■ What is needed
When you copy the data, keep every word exactly as it is and leave the pictures out.

═══ Supplied records

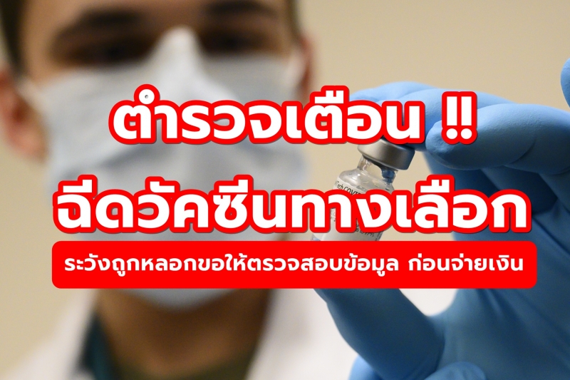ตำรวจเตือน ผู้ที่จะฉีดวัคซีนทางเลือก ระวังถูกหลอกขอให้ตรวจสอบข้อมูล ก่อนจ่ายเงิน
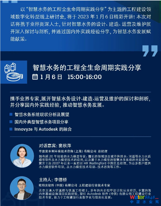 智慧水務(wù)的工程全生命周期實(shí)踐分享為主題的工程建設(shè)領(lǐng)域數(shù)字化轉(zhuǎn)型線上研討會(huì),將于202316日精彩開(kāi)講!本次對(duì)話將攜手業(yè)界資深人士,針對(duì)智慧水務(wù)的設(shè)計(jì)、建造、運(yùn)營(yíng)及維護(hù)展開(kāi)深入探討與剖析,并通過(guò)國(guó)內(nèi)外實(shí)踐經(jīng)驗(yàn)分享,為智慧水務(wù)發(fā)展賦能獻(xiàn)策。
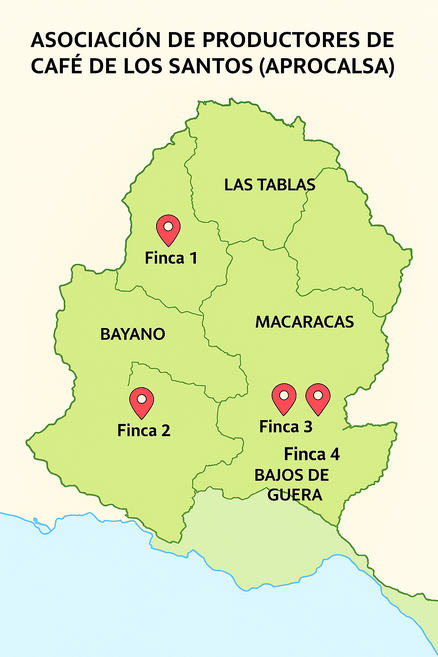 Las fincas seleccionadas pertenecen a la Asociación de Productores de Café de Los Santos (APROCALSA). En el distrito de Las Tablas se ubicaron las fincas 1 y 2 en el corregimiento de Bayano, georreferenciadas mediante GPS:
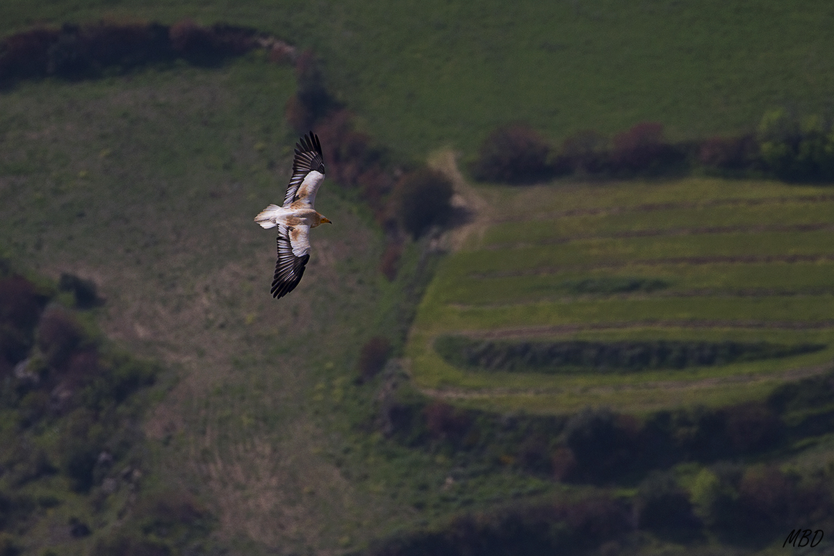 Obtuve la foto desde la cornisa del mirador de los buitres un día de mucho viento, que hacía que las aves se quedaran en sus vuelos a baja altura, a resguardo de la pared. Este alimoche me dio muchas oportunidades, algunas más cercanas que esta, pero sin embargo me gusta más este encuadre abierto, mostrando un punto de vista cenital, casi subjetivo respecto a lo que debe ver el alimoche en su vuelo, y mostrando su entorno.
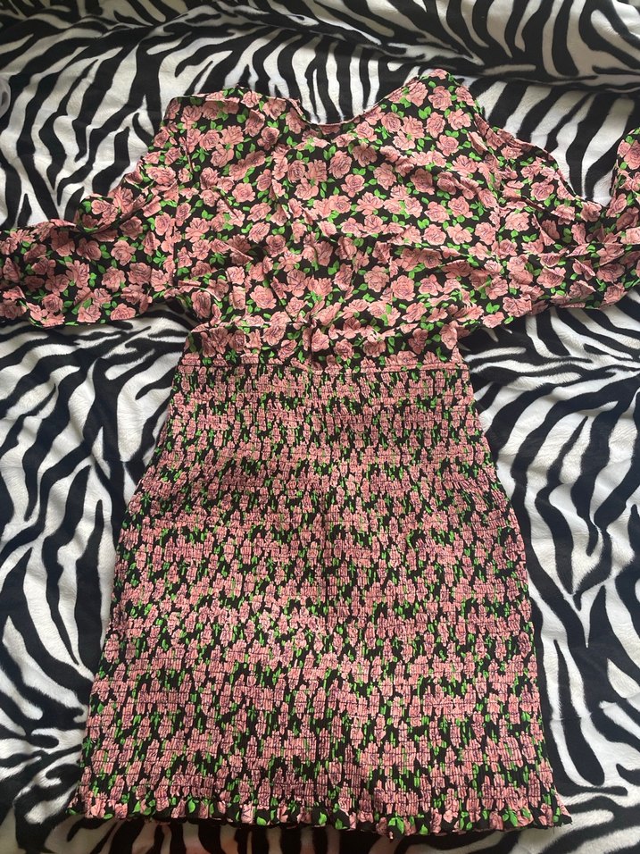 Pembe bohem pilili mini elbise, sentetik kumaştan, kısa kollu ve tekne yaka. Fitted kesim ve batik desenle günlük kullanıma uygun. Çoğu bedene olur
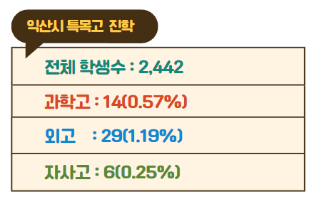 2022년 기준 익산시 지역에는 25개 중학교가 있고 중학교 학생수는 2,442명입니다. 전체 학생 중 0.57%인 14명이 과학고에 진학했고 1.19%인 29명이 외국어고에 진학했습니다. 그리고 0.25%인 6명이 자립형 사립고에 진학했습니다. 전체 학생수 2,442명 중 2.01%인 49명이 특목고에 진학했습니다.
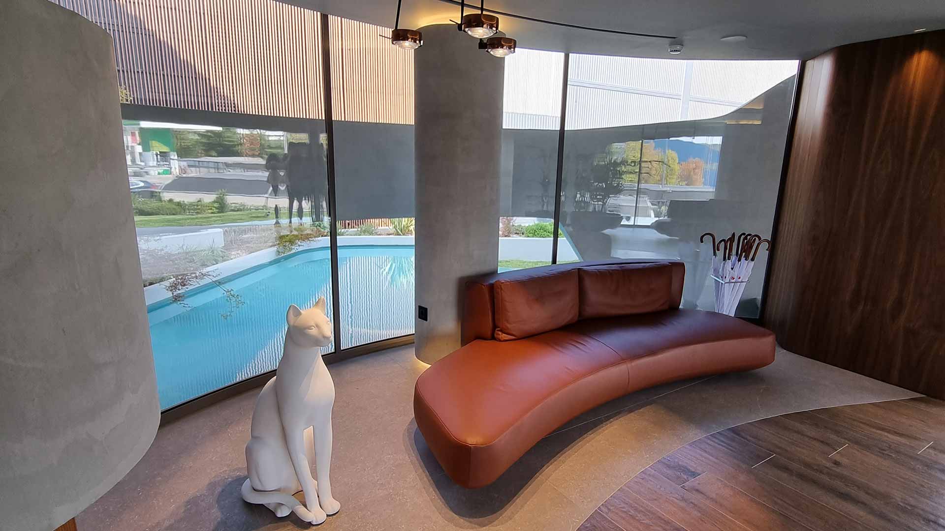 Οι υδάτινες επιφάνειες, όπως οι μικρές ρηχές πισίνες, τα σιντριβάνια ή οι καταρράκτες, έχουν γίνει όλο και πιο δημοφιλείς στην είσοδο εταιρικών γραφείων.
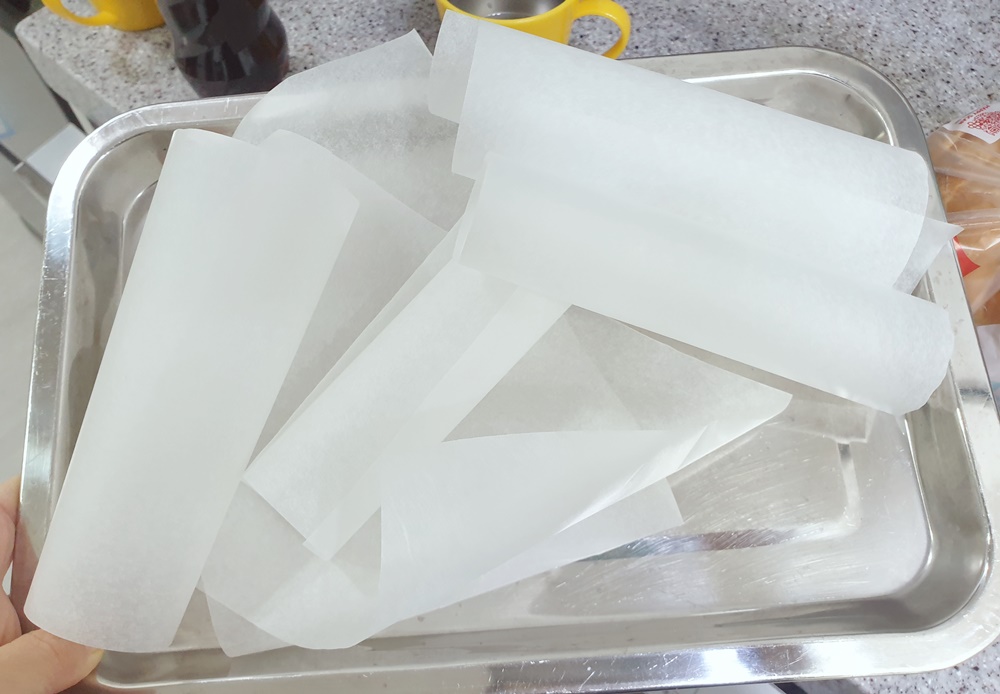 유산지는 식빵 크기만하게 잘라서 준비해주세요
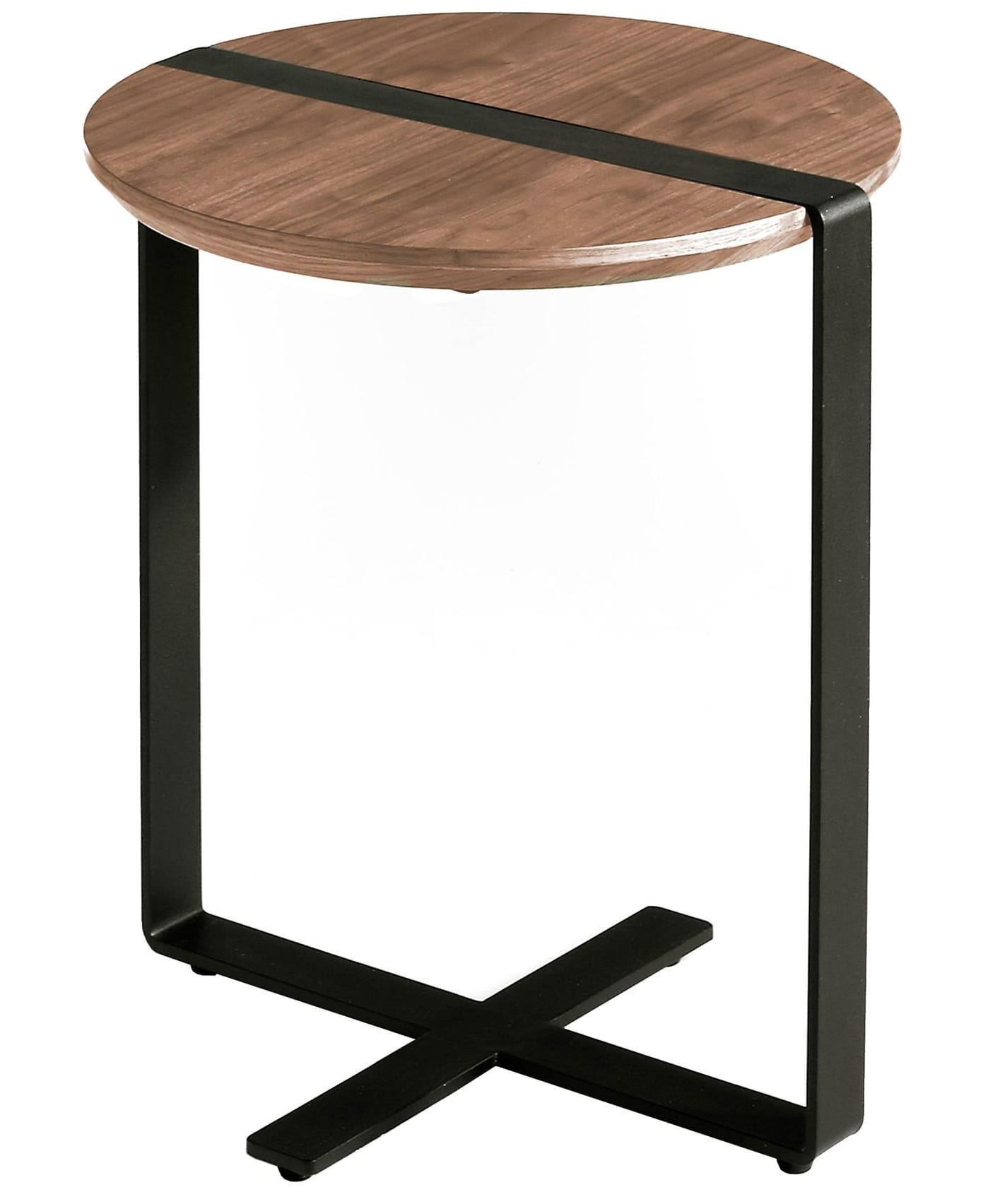 Okrągły stolik boczny o nowoczesnym designie z blatem z drewna fornirowanego naturalnym orzechem i nogami ze stali nierdzewnej malowanymi farbą epoksydową na
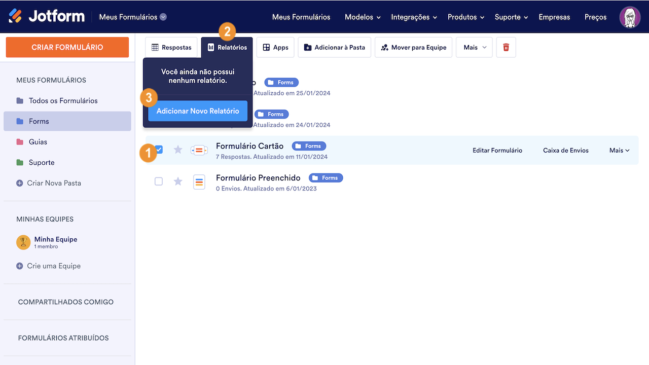 - Acesse Meus Formulários e escolha seu formulário.
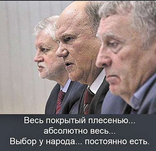 Кстати, это ещё цветочки. По моему мнению, после успешной операции по фабрикации выборов (а власти, очевидно, не сомневаются в этом) и своей фиговой победы, они начнут отыгрываться и закручивать сильнее гайки. Во-первых, за то, что так мало проголосовали и так много пришлось фабриковать, во-вторых, им тупо нужны деньги: поистратились на своё шоу. А здесь будут обирать всех, не зависимо от политических взглядов и пристрастий. К тому же нас ждет, полагаю, невиданный взлет цен, который уже наши боссы сдерживать не в силах. Надеюсь, вы не верите в их предвыборные сказки про нашу дальнейшую райскую жизнь?
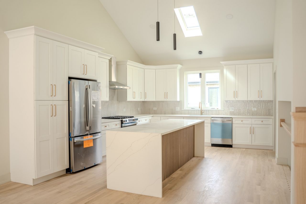New custom-built 5-bedroom, 3-bath split-level featuring 20-foot vaulted ceilings and oak hardwood floors. The open-concept main level includes a kitchen with an oversized island, stainless appliances, and skylights, with direct access to the backyard. The layout offers versatility with a main-level bedroom/office and a lower-level guest suite with a private full bath. The lower-level family room includes a floor-to-ceiling fireplace and custom built-in cabinets. Additional features: Side-by-side laundry room with sink and cabinets. Full basement with 8 foot ceilings. 3-car garage. Home also comes with pre-installed, hardwired security cameras
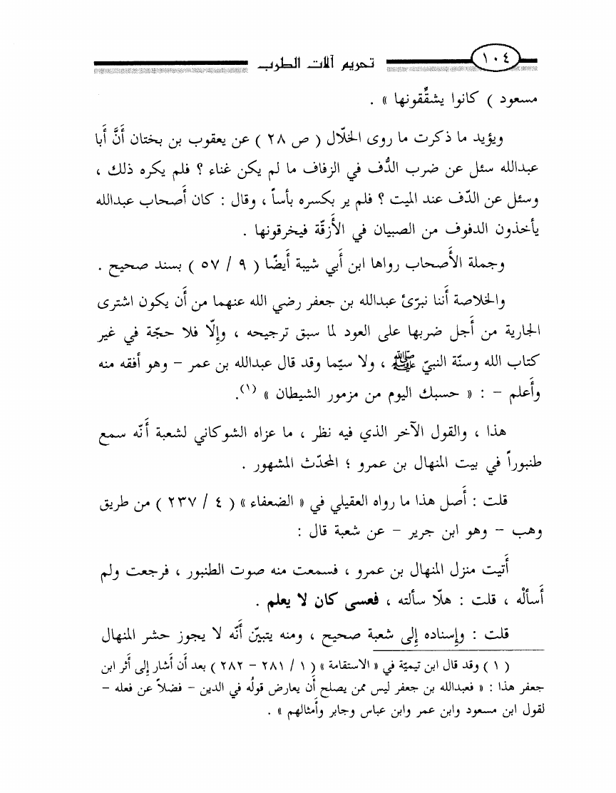 نام کتاب : تحريم آلات الطرب أو الرد بالوحيين وأقوال أئمتنا على ابن حزم ومقلديه المبيحين للمعازف والغنا وعلى الصوفيين الذين اتخذوه قربة ودينا نویسنده : محمد ناصر الدين الألباني جلد : 1 صفحه : 104

══════

■ Answer below
ตำรวจเตือน ผู้ที่จะฉีดวัคซีนทางเลือก ระวังถูกหลอกขอให้ตรวจสอบข้อมูล ก่อนจ่ายเงิน
 智慧水務(wù)的工程全生命周期實(shí)踐分享為主題的工程建設(shè)領(lǐng)域數(shù)字化轉(zhuǎn)型線上研討會(huì),將于202316日精彩開(kāi)講!本次對(duì)話將攜手業(yè)界資深人士,針對(duì)智慧水務(wù)的設(shè)計(jì)、建造、運(yùn)營(yíng)及維護(hù)展開(kāi)深入探討與剖析,并通過(guò)國(guó)內(nèi)外實(shí)踐經(jīng)驗(yàn)分享,為智慧水務(wù)發(fā)展賦能獻(xiàn)策。
 Las fincas seleccionadas pertenecen a la Asociación de Productores de Café de Los Santos (APROCALSA). En el distrito de Las Tablas se ubicaron las fincas 1 y 2 en el corregimiento de Bayano, georreferenciadas mediante GPS:
 Obtuve la foto desde la cornisa del mirador de los buitres un día de mucho viento, que hacía que las aves se quedaran en sus vuelos a baja altura, a resguardo de la pared. Este alimoche me dio muchas oportunidades, algunas más cercanas que esta, pero sin embargo me gusta más este encuadre abierto, mostrando un punto de vista cenital, casi subjetivo respecto a lo que debe ver el alimoche en su vuelo, y mostrando su entorno.
 Pembe bohem pilili mini elbise, sentetik kumaştan, kısa kollu ve tekne yaka. Fitted kesim ve batik desenle günlük kullanıma uygun. Çoğu bedene olur
 2022년 기준 익산시 지역에는 25개 중학교가 있고 중학교 학생수는 2,442명입니다. 전체 학생 중 0.57%인 14명이 과학고에 진학했고 1.19%인 29명이 외국어고에 진학했습니다. 그리고 0.25%인 6명이 자립형 사립고에 진학했습니다. 전체 학생수 2,442명 중 2.01%인 49명이 특목고에 진학했습니다.
 Οι υδάτινες επιφάνειες, όπως οι μικρές ρηχές πισίνες, τα σιντριβάνια ή οι καταρράκτες, έχουν γίνει όλο και πιο δημοφιλείς στην είσοδο εταιρικών γραφείων.
 유산지는 식빵 크기만하게 잘라서 준비해주세요
 Okrągły stolik boczny o nowoczesnym designie z blatem z drewna fornirowanego naturalnym orzechem i nogami ze stali nierdzewnej malowanymi farbą epoksydową na
 - Acesse Meus Formulários e escolha seu formulário.
 Кстати, это ещё цветочки. По моему мнению, после успешной операции по фабрикации выборов (а власти, очевидно, не сомневаются в этом) и своей фиговой победы, они начнут отыгрываться и закручивать сильнее гайки. Во-первых, за то, что так мало проголосовали и так много пришлось фабриковать, во-вторых, им тупо нужны деньги: поистратились на своё шоу. А здесь будут обирать всех, не зависимо от политических взглядов и пристрастий. К тому же нас ждет, полагаю, невиданный взлет цен, который уже наши боссы сдерживать не в силах. Надеюсь, вы не верите в их предвыборные сказки про нашу дальнейшую райскую жизнь?
New custom-built 5-bedroom, 3-bath split-level featuring 20-foot vaulted ceilings and oak hardwood floors. The open-concept main level includes a kitchen with an oversized island, stainless appliances, and skylights, with direct access to the backyard. The layout offers versatility with a main-level bedroom/office and a lower-level guest suite with a private full bath. The lower-level family room includes a floor-to-ceiling fireplace and custom built-in cabinets. Additional features: Side-by-side laundry room with sink and cabinets. Full basement with 8 foot ceilings. 3-car garage. Home also comes with pre-installed, hardwired security cameras
 نام کتاب : تحريم آلات الطرب أو الرد بالوحيين وأقوال أئمتنا على ابن حزم ومقلديه المبيحين للمعازف والغنا وعلى الصوفيين الذين اتخذوه قربة ودينا نویسنده : محمد ناصر الدين الألباني جلد : 1 صفحه : 104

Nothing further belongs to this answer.